Data in this exercise —
________________________________________

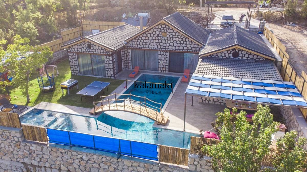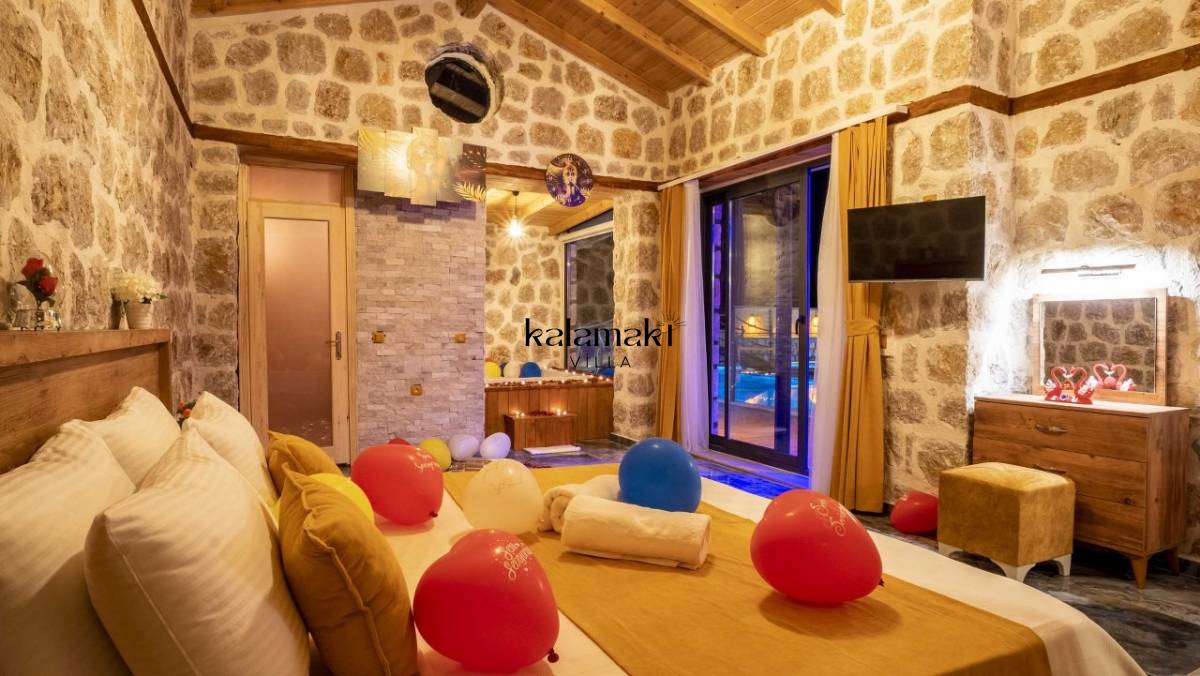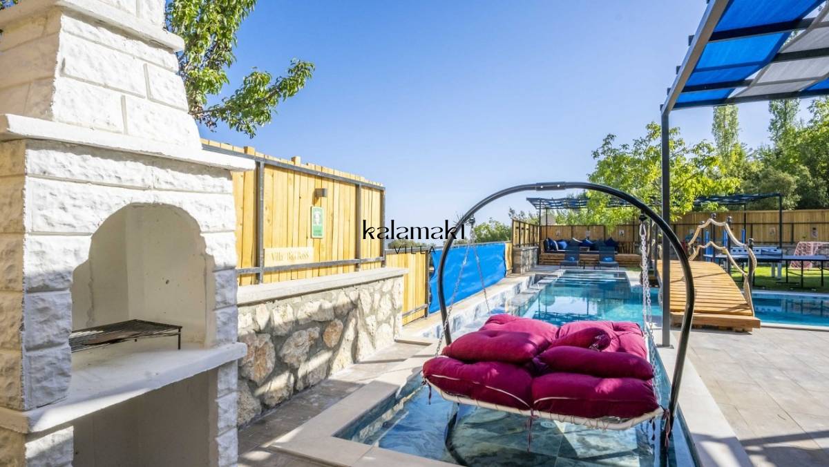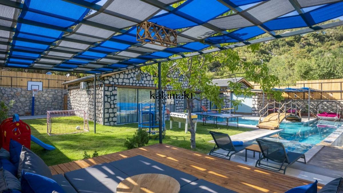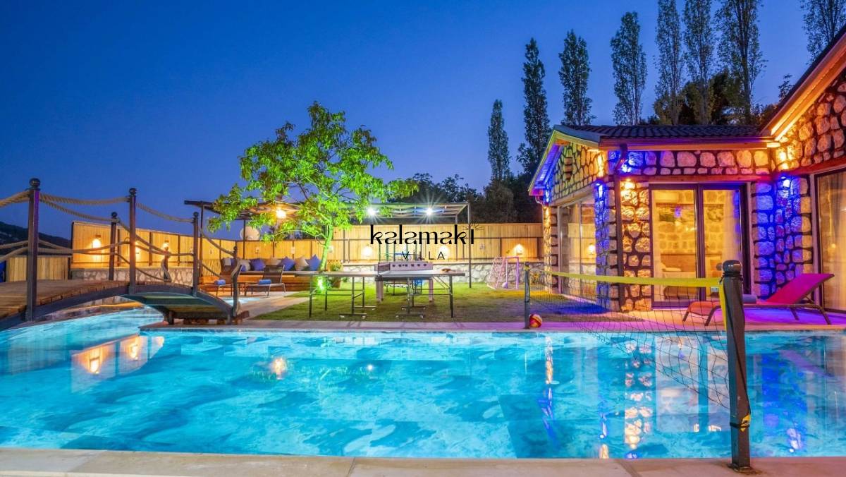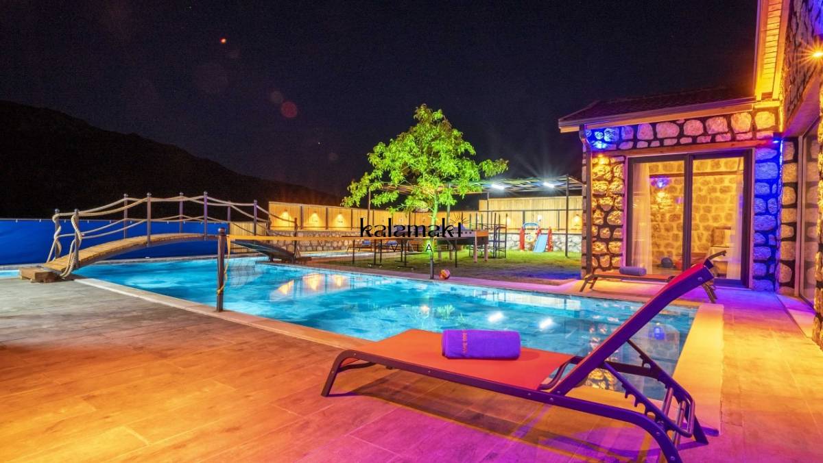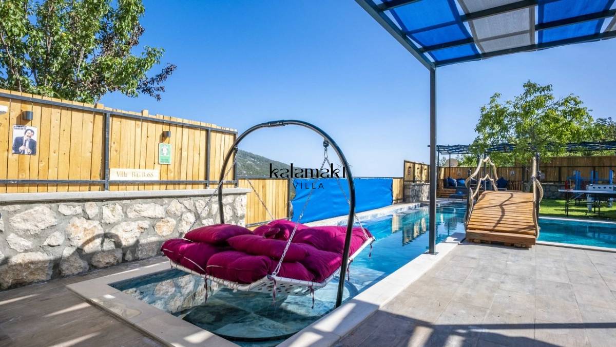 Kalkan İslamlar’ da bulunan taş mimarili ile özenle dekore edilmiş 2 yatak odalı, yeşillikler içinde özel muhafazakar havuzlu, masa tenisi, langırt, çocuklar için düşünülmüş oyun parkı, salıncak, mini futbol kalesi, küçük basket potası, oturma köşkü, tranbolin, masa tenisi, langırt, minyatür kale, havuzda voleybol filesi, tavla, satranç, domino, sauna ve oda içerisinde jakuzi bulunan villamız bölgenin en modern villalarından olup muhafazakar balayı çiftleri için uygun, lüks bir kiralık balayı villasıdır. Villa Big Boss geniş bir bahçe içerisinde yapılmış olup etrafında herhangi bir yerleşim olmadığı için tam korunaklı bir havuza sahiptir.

________________________________________

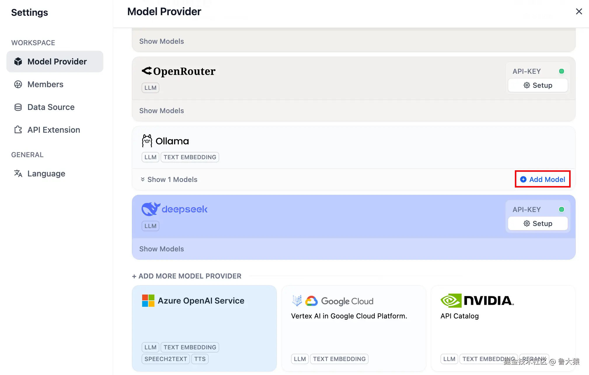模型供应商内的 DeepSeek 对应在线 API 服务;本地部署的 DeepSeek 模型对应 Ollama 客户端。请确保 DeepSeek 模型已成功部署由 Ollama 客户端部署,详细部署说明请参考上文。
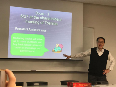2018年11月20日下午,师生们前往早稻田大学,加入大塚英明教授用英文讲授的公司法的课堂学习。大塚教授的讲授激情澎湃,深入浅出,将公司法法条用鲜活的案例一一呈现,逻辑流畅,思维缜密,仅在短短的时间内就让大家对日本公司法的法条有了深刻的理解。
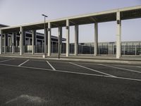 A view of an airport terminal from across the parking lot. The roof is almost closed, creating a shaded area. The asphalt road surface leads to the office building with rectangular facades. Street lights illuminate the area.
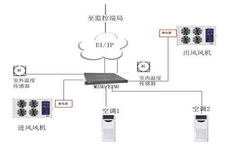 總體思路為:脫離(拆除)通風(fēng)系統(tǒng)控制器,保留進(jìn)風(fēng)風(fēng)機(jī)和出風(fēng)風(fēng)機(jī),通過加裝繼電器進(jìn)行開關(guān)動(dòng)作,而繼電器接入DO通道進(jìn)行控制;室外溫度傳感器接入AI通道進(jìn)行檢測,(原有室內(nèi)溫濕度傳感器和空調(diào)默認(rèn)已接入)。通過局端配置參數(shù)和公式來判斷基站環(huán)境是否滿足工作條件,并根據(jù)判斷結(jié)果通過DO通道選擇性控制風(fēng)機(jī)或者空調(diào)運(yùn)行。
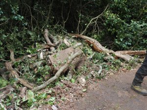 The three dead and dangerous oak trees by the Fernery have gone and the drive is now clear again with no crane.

________________________________________

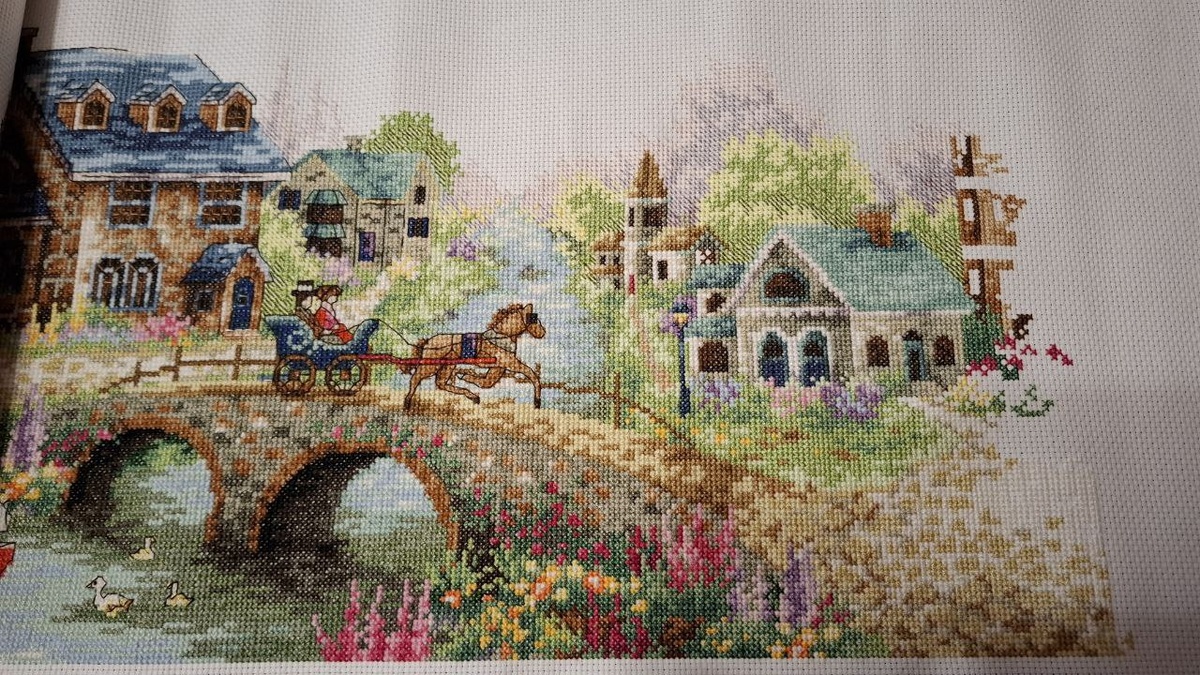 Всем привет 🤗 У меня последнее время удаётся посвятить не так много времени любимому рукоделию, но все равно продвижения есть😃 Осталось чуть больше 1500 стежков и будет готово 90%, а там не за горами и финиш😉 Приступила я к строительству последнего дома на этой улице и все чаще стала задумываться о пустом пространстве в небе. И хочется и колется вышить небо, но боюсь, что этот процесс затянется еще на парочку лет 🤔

________________________________________

Requirement — From the listing above, restate verbatim the lines running from the one with "A view of an" through the one with "總體思路為:脫離(拆除)通風", inclusive, but not the pictures.

Answer to this task —
 A view of an airport terminal from across the parking lot. The roof is almost closed, creating a shaded area. The asphalt road surface leads to the office building with rectangular facades. Street lights illuminate the area.
 總體思路為:脫離(拆除)通風(fēng)系統(tǒng)控制器,保留進(jìn)風(fēng)風(fēng)機(jī)和出風(fēng)風(fēng)機(jī),通過加裝繼電器進(jìn)行開關(guān)動(dòng)作,而繼電器接入DO通道進(jìn)行控制;室外溫度傳感器接入AI通道進(jìn)行檢測,(原有室內(nèi)溫濕度傳感器和空調(diào)默認(rèn)已接入)。通過局端配置參數(shù)和公式來判斷基站環(huán)境是否滿足工作條件,并根據(jù)判斷結(jié)果通過DO通道選擇性控制風(fēng)機(jī)或者空調(diào)運(yùn)行。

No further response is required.